Many believe a BBA is worth trying only because we have tried everything else. However, a BBA easily could backfire if it passes, we declare victory and resume going about our private business. I would bet that, sooner rather than later, the BBA would have more holes than Swiss cheese and we would be back to square one.
Reluctantly, I have come to the view that a BBA is not the answer because: (1) we would expend lots of energy (perhaps for naught) on a BBA better spent elsewhere; (2) it will not work for all the reasons noted in this paper; (3) it would beguile us into falsely believing the problem is solved once and for all; (4) many of us would declare victory and go home while the other side would keep fighting; and (5) you can’t take the politics out of politics.
“The only solution is to keep winning elections
year after year after year without end.”
The second question is, if not a BBA, then what? We cannot rely on laws or artifices, however tightly written, to control government.

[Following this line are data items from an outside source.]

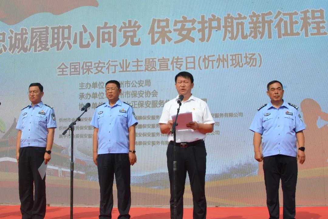 山西大正保安服務(wù)集團(tuán)有限公司黨委副書記、總經(jīng)理、市保安協(xié)會(huì)常務(wù)副會(huì)長(zhǎng)趙培宏代表忻州市保安協(xié)會(huì)向全市廣大保安員表示親切的慰問(wèn)和誠(chéng)摯的謝意。保安服務(wù)業(yè)是伴隨著改革開(kāi)放和市場(chǎng)經(jīng)濟(jì)發(fā)展而興起的新興服務(wù)產(chǎn)業(yè)。而7月24日這個(gè)日子代表廣大保安員每周7天24小時(shí)全天候提供安全保障服務(wù)。大家夜以繼日奮戰(zhàn)在社會(huì)的各個(gè)角落、守護(hù)著萬(wàn)家的燈火安寧,為這一天賦予了新的含義。他講到,近年來(lái)在市委市政府和政府職能部門的正確領(lǐng)導(dǎo)和高度重視下,我市保安服務(wù)業(yè)蓮勃發(fā)展,在服務(wù)經(jīng)濟(jì)社會(huì)發(fā)展、服務(wù)群眾、健全社會(huì)治安歷控體系和增加社會(huì)就業(yè)等方面,發(fā)揮了越來(lái)越重要的作用。
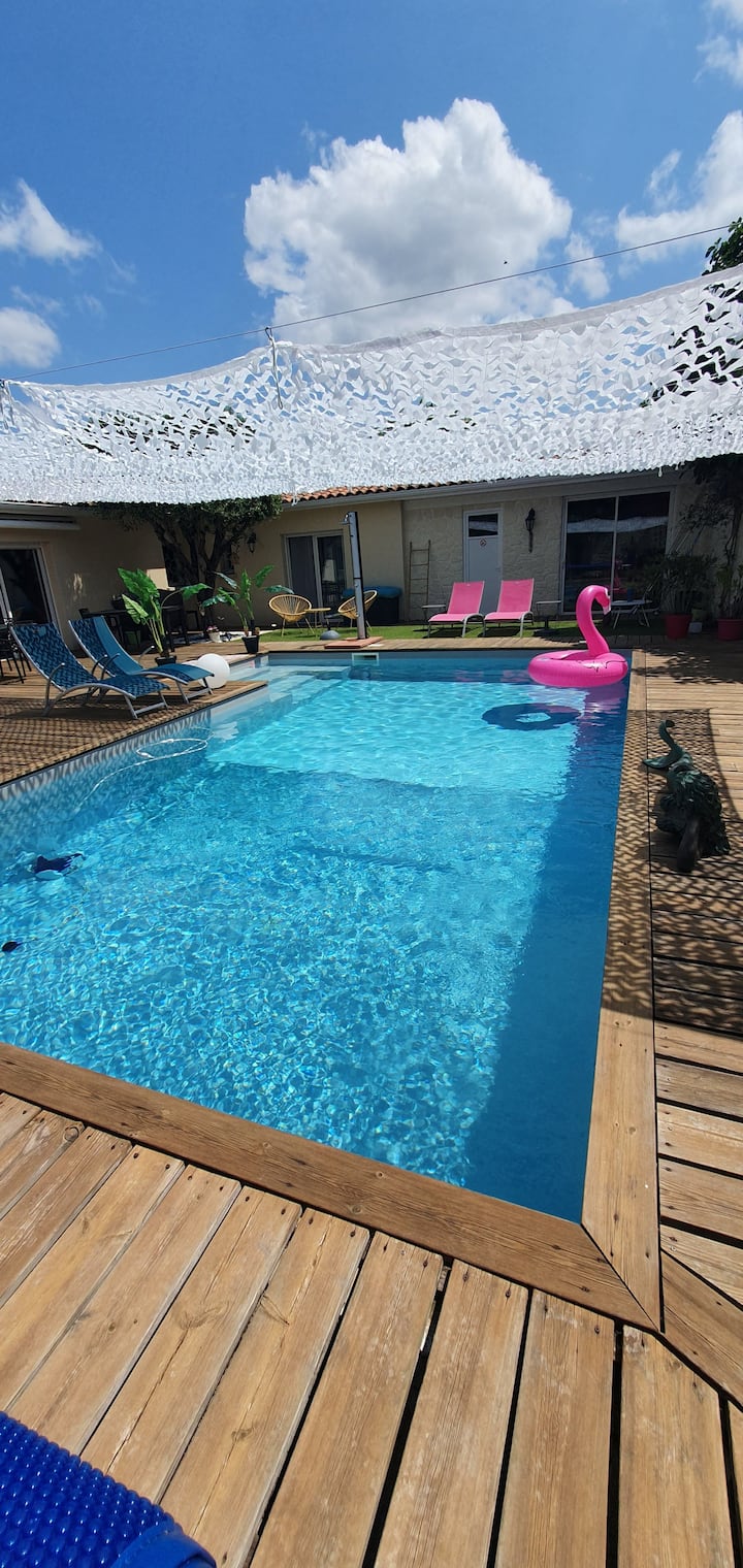 Приватен отворен базен – достапно сезонски, отворено во одредени часови, загреан, покривка за базен, со солена вода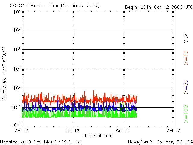 X線チャートのレベルは、前日と同等で低い状態です。フレアは発生していません。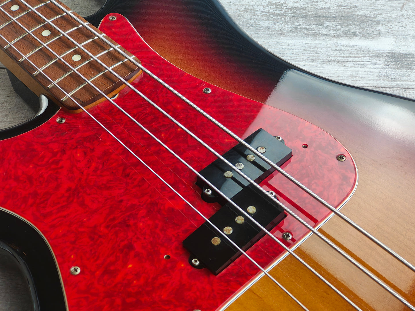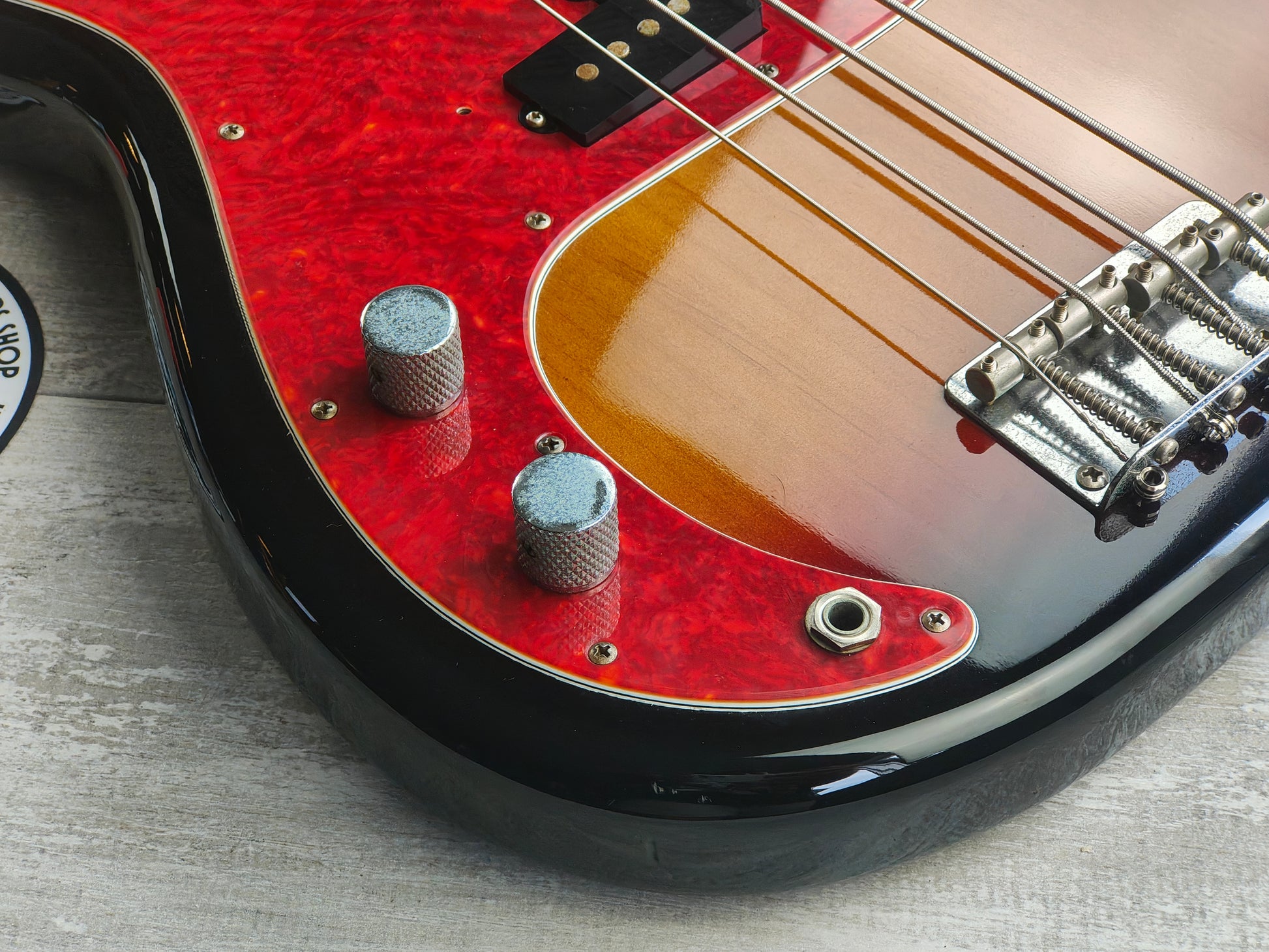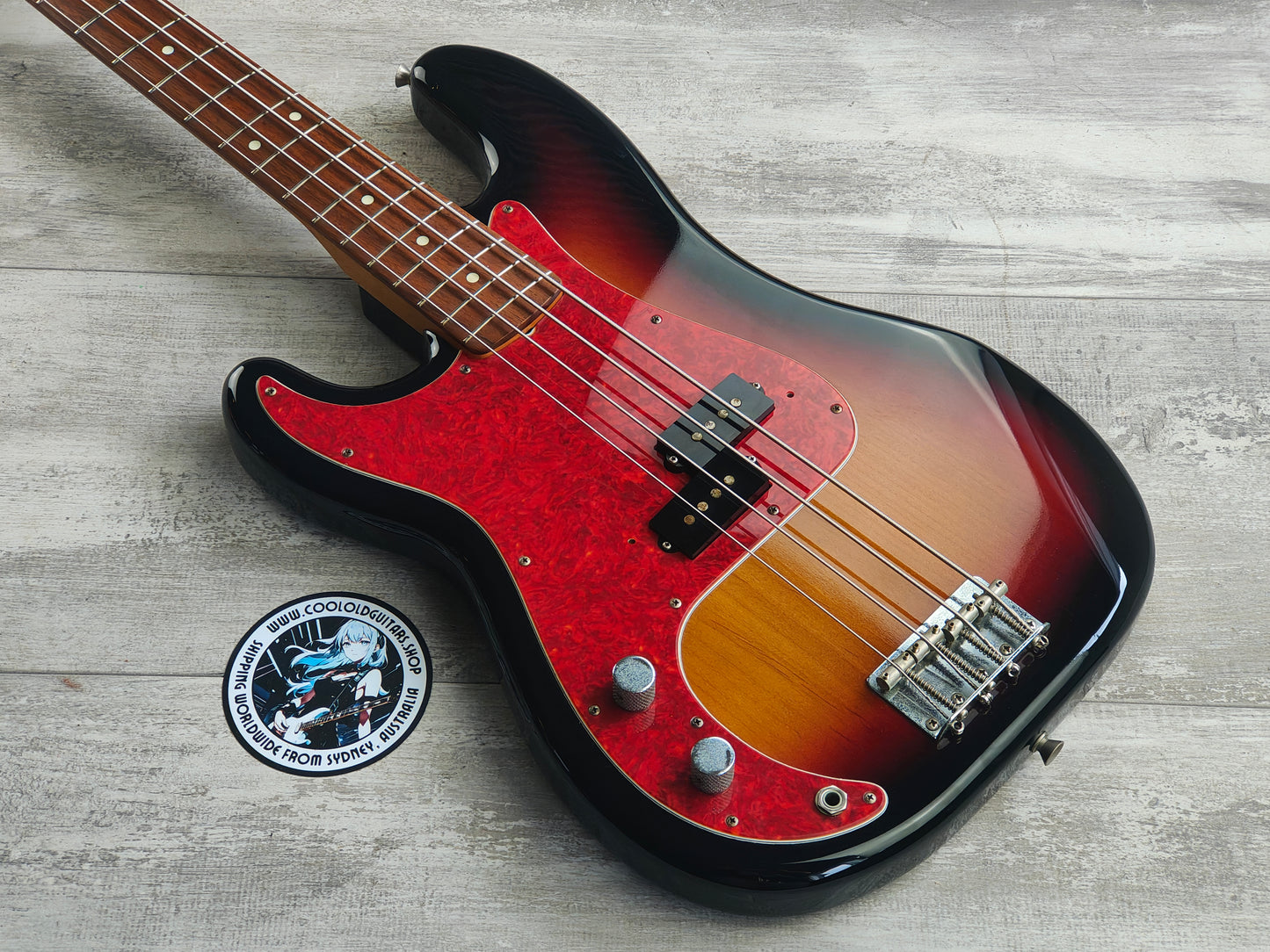 Japanese made in 1996, this is Fender's Left Handed variant of the '62 Reissue Precision Bass. Basswood body with a three-tone sunburst finish bolted to a maple neck with a rosewood fingerboard (43mm nut width), weighs 4kg's. Loaded with a Fender Japan single coil P pickup that sounds great, it seems to be all original as pictured.

I fear the only long-term solution is for people of good will to remain engaged permanently. Yet, this is contradictory to human nature. Once a problem appears solved, even momentarily, we tend to declare victory and go back about our private business. But big government and its acolytes never stop and neither must we.
The only solution is to keep winning elections – year after year after year without end. As seductive as it may seem, a balanced budget amendment is fool’s gold; it is not the Holy Grail.
Note: Some of the ideas used herein are from Peter H. Shuck, co-author of “Understanding America” and his op-ed in The Wall Street Journal.